Подойдя к столу, он повернулся к итальянке:

— Благодарю вас, было очень весело.

Девицы уселись на стулья и вернулись к своему прежнему занятию безмолвному созерцанию танцплощадки. Посчитав, что уже сыт ими по горло, я решил покончить с этой тягомотиной. Допив теплую "коку", я с силой опустил стакан на стол и провозгласил:

— Пора, пожалуй, промочить горло. Только чем-нибудь приличным.

— Ты прав, — кивнул Тони.

— Здесь ничего не выйдет, — вдруг встряла блондинка. — У них нет разрешения на продажу спиртного.

Я уставился на нее, не будучи уверен, что девушка обращается ко мне ведь она по-прежнему неотрывно следила за танцующими. Но поразился я по двум причинам: во-первых, немая богиня вдруг обрела дар речи, а во-вторых, говорила она с четким ливерпульским акцентом. Какая, к чертям скандинавка? Чистейшей воды дочь кельтской расы. Я воспрял духом. Тут уж я оказался в родной стихии.

— Сам знаю, — сказал я. — Поэтому мы и пьем эти помои…

Тут вмешался заметно повеселевший Тони.

— А вот в ближайшем пабе, до которого отсюда ярдов пятьдесят, разрешение есть, — заявил он.

— Я знаю, — кивнула блондинка.

— Составите нам компанию? — поинтересовался я.

Девицы переглянулись. По губам блондинки из Ливерпуля скользнула тень улыбки.

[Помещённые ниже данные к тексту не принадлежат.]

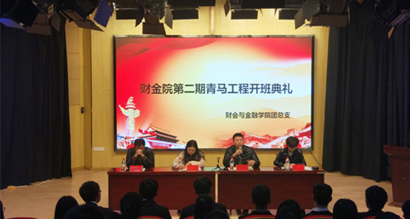 伴随着共青团团歌的响起,本期培训班正式拉开帷幕。随后,学员代表刘雪发言,她代表全体学员承诺,要继承传统,不断创新,锐意进取,坚定对党的理想信念,为全体师生做好服务工作。接下来,芮萍就有关本期培训班的课程内容及纪律要求作了具体介绍,并要求所有学员端正学习态度、遵守培训班规章制度,按质按量完成所有培训课程。最后,窦梅朋作总结讲话,他强调了青马工程的目的及意义,并希望财金学子对于马克思主义要做到“真懂、真信、真实践”:真懂,就做到读原著、读经典;真信,要坚定共产主义信念,坚持马克思主义信仰;真实践,要好好学习,在最美好的大学青春时光让自己丰富强大起来,今后回报社会。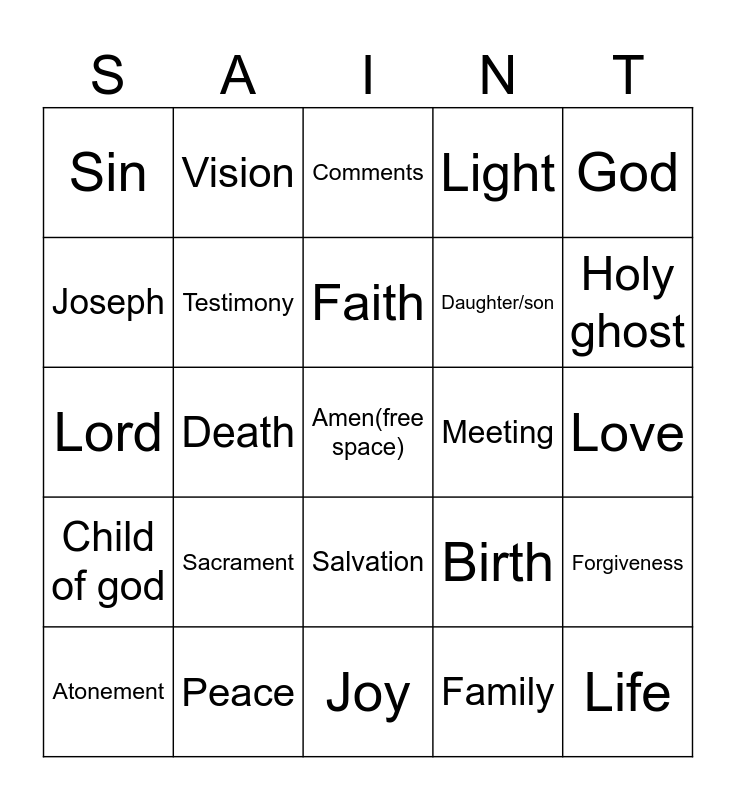 This bingo card has a free space and 29 words: Atonement, Trials, Death, Temptation, Sin, Comments, Testimony, Sacrament, Meeting, Peace, Love, Life, Joy, Family, Holy ghost, Jesus Christ, Salvation, Child of god, God, Lord, Birth, Youth, Daughter/son, Joseph, Light, Vision, Forgiveness, Faith and “New church”.

— Я — за! — выпалила итальянка. Итальянка? Ха! Не сойти мне с этого места, если смуглянка не родилась в Бирмингеме! Господи, до чего доводят болезненные фантазии. Даже представить не можете, какое облегчение я испытал.

— Меня зовут Расс Тобин, — представился я. — А это Тони Дейн.

— Джун Эверетт, — улыбнулась блондинка.

— Айлин Эш, — кивнула бирмингемская итальянка.

— Бежим из этого вертепа, — предложил я.

Мы не провели в соседней пивнушке и получаса, а наши компаньонки уже проглотили по три здоровеннейших коктейля с джином. Да, эти курочки умели закладывать за ворот. Вы только не подумайте, что мне было жалко тратить на них деньги — нет, общаться с этой парочкой было одно удовольствие. Девчонки оказались на удивление веселыми и разговорчивыми, так что мы, в свою очередь влив в себя по три рюмки водки, чувствовали себя на седьмом небе. Подружки же с каждой минутой вели себя все более и более непринужденно.

Джун — блондинка — сидела рядом со мной. Айлин и Тони платонически терлись коленками. То, что расселись мы именно так, вышло совершенно естественно, и, похоже, все были счастливы.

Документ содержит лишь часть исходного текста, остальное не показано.